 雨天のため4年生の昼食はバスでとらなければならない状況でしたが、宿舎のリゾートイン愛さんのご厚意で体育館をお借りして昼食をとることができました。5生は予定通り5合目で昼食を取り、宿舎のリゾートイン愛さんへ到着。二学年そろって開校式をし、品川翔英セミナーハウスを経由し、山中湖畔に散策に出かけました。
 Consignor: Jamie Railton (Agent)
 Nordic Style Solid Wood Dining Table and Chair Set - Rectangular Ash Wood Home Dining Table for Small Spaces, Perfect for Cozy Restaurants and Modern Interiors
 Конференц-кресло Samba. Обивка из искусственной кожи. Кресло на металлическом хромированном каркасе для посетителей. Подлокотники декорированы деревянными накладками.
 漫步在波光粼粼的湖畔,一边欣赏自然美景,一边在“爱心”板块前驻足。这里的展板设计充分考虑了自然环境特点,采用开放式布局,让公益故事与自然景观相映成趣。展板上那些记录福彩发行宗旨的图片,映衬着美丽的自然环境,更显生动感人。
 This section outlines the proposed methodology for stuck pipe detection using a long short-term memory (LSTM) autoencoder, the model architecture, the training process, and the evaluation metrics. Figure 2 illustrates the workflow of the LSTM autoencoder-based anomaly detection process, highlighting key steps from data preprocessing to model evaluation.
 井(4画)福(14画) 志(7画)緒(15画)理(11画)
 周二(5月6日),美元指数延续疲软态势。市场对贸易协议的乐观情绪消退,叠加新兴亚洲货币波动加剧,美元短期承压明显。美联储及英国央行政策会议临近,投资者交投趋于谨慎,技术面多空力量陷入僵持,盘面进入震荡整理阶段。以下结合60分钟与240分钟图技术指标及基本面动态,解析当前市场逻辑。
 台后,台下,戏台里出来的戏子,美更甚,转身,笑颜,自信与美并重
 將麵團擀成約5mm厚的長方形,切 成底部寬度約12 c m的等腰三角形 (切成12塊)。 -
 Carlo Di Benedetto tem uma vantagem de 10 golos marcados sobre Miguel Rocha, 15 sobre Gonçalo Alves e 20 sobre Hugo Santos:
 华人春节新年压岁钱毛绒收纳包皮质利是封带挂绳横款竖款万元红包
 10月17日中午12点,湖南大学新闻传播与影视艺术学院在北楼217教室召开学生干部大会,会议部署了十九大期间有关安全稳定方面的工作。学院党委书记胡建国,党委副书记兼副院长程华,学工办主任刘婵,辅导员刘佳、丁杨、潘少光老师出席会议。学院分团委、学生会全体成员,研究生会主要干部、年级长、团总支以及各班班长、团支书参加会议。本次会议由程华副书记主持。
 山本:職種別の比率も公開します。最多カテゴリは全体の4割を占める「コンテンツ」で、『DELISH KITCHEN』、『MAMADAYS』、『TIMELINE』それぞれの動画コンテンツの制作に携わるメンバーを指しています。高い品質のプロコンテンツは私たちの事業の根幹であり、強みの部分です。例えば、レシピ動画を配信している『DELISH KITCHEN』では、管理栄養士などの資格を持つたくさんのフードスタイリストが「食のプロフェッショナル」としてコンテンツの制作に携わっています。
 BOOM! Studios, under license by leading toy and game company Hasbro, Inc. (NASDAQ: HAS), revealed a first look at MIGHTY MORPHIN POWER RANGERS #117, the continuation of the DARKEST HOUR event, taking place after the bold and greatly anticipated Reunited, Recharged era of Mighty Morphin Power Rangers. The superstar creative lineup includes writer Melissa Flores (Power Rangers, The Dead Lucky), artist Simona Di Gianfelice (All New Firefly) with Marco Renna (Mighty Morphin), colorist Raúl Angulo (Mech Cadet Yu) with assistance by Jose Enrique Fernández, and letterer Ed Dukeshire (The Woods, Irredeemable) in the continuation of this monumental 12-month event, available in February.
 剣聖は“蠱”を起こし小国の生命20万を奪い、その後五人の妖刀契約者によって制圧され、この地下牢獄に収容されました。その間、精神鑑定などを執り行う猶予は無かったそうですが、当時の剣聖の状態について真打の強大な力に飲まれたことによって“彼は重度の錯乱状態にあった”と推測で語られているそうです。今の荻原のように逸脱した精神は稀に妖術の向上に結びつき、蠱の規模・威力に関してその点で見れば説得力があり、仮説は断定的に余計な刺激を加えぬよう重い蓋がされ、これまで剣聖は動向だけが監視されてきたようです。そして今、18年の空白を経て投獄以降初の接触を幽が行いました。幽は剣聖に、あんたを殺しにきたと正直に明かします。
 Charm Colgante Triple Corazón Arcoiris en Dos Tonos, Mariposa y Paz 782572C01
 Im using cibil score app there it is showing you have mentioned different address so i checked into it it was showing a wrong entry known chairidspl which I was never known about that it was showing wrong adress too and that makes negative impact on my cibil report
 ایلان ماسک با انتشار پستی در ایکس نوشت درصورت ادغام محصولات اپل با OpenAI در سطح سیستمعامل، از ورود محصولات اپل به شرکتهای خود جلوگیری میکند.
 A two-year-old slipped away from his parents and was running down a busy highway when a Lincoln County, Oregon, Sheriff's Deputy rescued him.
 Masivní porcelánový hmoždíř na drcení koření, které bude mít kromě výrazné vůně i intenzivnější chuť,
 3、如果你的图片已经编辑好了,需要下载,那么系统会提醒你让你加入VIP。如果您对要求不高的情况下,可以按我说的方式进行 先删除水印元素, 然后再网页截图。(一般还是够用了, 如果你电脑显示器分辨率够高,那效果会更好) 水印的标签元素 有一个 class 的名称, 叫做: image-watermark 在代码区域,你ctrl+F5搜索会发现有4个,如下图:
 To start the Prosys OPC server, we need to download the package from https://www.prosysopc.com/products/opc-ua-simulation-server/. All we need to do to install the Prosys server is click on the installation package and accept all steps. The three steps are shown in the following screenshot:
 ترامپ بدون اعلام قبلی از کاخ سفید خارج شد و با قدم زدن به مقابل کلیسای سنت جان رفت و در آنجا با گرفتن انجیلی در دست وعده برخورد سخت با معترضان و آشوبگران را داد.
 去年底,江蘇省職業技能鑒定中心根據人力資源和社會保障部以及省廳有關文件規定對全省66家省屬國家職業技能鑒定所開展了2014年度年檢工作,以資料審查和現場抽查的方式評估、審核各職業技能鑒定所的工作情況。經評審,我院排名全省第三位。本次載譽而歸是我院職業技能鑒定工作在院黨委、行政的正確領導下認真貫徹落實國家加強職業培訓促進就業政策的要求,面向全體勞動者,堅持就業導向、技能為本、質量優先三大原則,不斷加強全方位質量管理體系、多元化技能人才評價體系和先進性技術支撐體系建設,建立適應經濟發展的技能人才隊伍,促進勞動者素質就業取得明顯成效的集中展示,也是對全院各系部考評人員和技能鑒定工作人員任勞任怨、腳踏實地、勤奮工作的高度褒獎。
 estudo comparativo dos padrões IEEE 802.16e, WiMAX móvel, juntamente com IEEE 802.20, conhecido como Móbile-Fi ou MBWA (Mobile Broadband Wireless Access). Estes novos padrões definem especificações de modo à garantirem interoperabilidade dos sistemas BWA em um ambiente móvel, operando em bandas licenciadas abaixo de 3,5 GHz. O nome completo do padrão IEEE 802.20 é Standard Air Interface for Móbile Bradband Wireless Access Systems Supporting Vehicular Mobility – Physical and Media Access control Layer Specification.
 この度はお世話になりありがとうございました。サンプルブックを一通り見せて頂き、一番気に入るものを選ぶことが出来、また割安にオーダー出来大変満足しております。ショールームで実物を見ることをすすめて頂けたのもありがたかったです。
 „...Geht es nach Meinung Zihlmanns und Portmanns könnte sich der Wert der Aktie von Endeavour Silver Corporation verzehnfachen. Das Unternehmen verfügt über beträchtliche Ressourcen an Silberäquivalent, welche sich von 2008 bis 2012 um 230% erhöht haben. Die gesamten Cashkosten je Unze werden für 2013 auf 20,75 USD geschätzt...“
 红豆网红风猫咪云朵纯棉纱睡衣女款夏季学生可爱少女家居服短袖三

::::

## TASK TO COMPLETE
Once the line containing "井(4画)福(14画) 志(7画)緒(15画)理(11画)" has been retyped, stop. Begin at the first line of the material and reproduce every line up to it exactly.

## REPLY
 雨天のため4年生の昼食はバスでとらなければならない状況でしたが、宿舎のリゾートイン愛さんのご厚意で体育館をお借りして昼食をとることができました。5生は予定通り5合目で昼食を取り、宿舎のリゾートイン愛さんへ到着。二学年そろって開校式をし、品川翔英セミナーハウスを経由し、山中湖畔に散策に出かけました。
 Consignor: Jamie Railton (Agent)
 Nordic Style Solid Wood Dining Table and Chair Set - Rectangular Ash Wood Home Dining Table for Small Spaces, Perfect for Cozy Restaurants and Modern Interiors
 Конференц-кресло Samba. Обивка из искусственной кожи. Кресло на металлическом хромированном каркасе для посетителей. Подлокотники декорированы деревянными накладками.
 漫步在波光粼粼的湖畔,一边欣赏自然美景,一边在“爱心”板块前驻足。这里的展板设计充分考虑了自然环境特点,采用开放式布局,让公益故事与自然景观相映成趣。展板上那些记录福彩发行宗旨的图片,映衬着美丽的自然环境,更显生动感人。
 This section outlines the proposed methodology for stuck pipe detection using a long short-term memory (LSTM) autoencoder, the model architecture, the training process, and the evaluation metrics. Figure 2 illustrates the workflow of the LSTM autoencoder-based anomaly detection process, highlighting key steps from data preprocessing to model evaluation.
 井(4画)福(14画) 志(7画)緒(15画)理(11画)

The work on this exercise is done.